** DATASET EXCERPT follows **

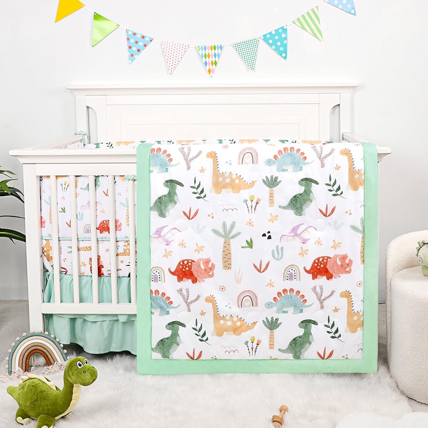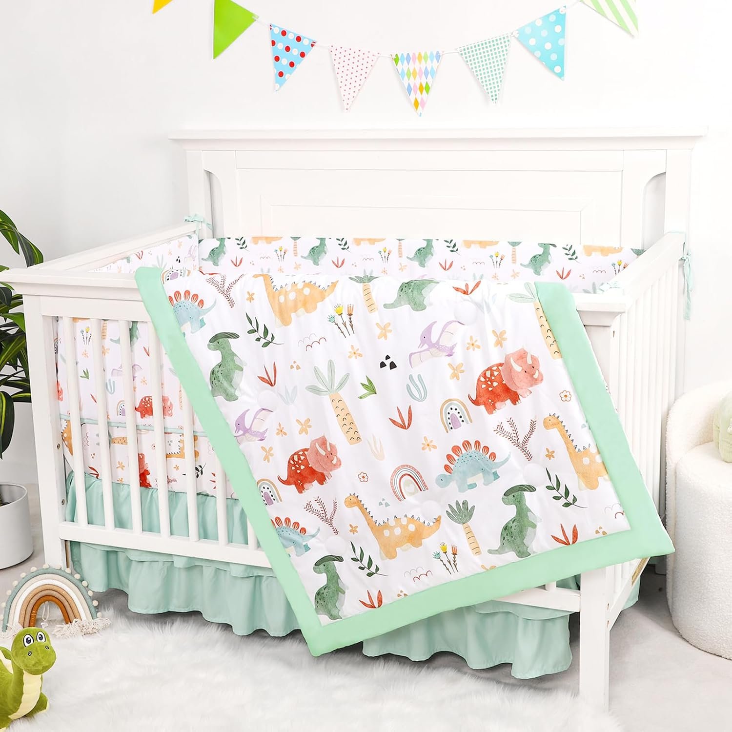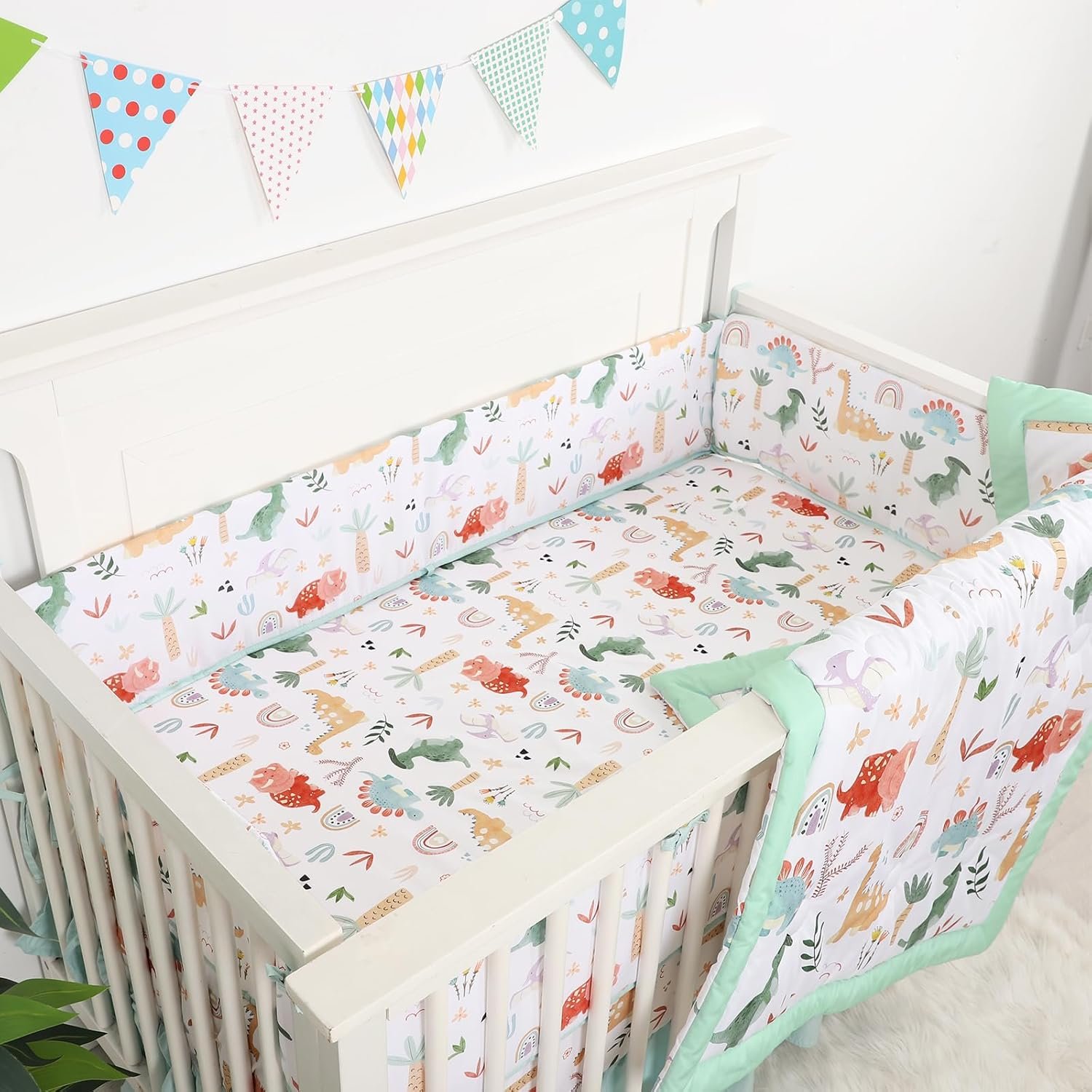Crib Bedding Set for Boys Girls, Upgrade 4 Pieces Nursery Bedding Set for Newborn Infant, Includes Crib Liner Anti-Collision Padding, Comforter, Fitted Sheet, Bed Skirt, Dinosaur
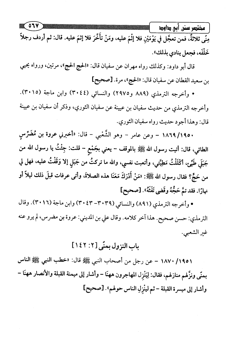 قال أبو داود: وكذلك رواه مهران عن سفيان قال: "الحج الحج"، مرتين، ورواه يحيي بن سعيد القطان عن سفيان قال: "الحج"، مرَّة.hصحيح]
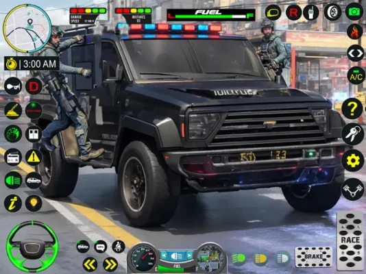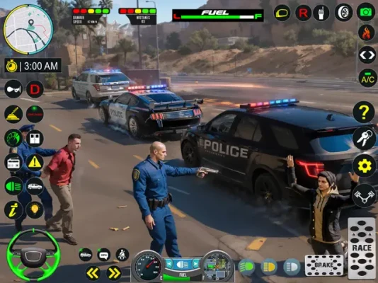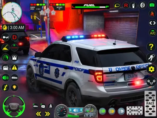 Multiple Features of Cop Car Chase include: Multiple Police Cars. Act as an Undercover Cop and a Police Officer Walk into the police station to get missions and drive to save the city Free Mode Different Duty Hours. Night and Day.

** End of DATASET EXCERPT **

Every line of the data should be transcribed exactly. Omit the images.

Crib Bedding Set for Boys Girls, Upgrade 4 Pieces Nursery Bedding Set for Newborn Infant, Includes Crib Liner Anti-Collision Padding, Comforter, Fitted Sheet, Bed Skirt, Dinosaur
 قال أبو داود: وكذلك رواه مهران عن سفيان قال: "الحج الحج"، مرتين، ورواه يحيي بن سعيد القطان عن سفيان قال: "الحج"، مرَّة.hصحيح]
 Multiple Features of Cop Car Chase include: Multiple Police Cars. Act as an Undercover Cop and a Police Officer Walk into the police station to get missions and drive to save the city Free Mode Different Duty Hours. Night and Day.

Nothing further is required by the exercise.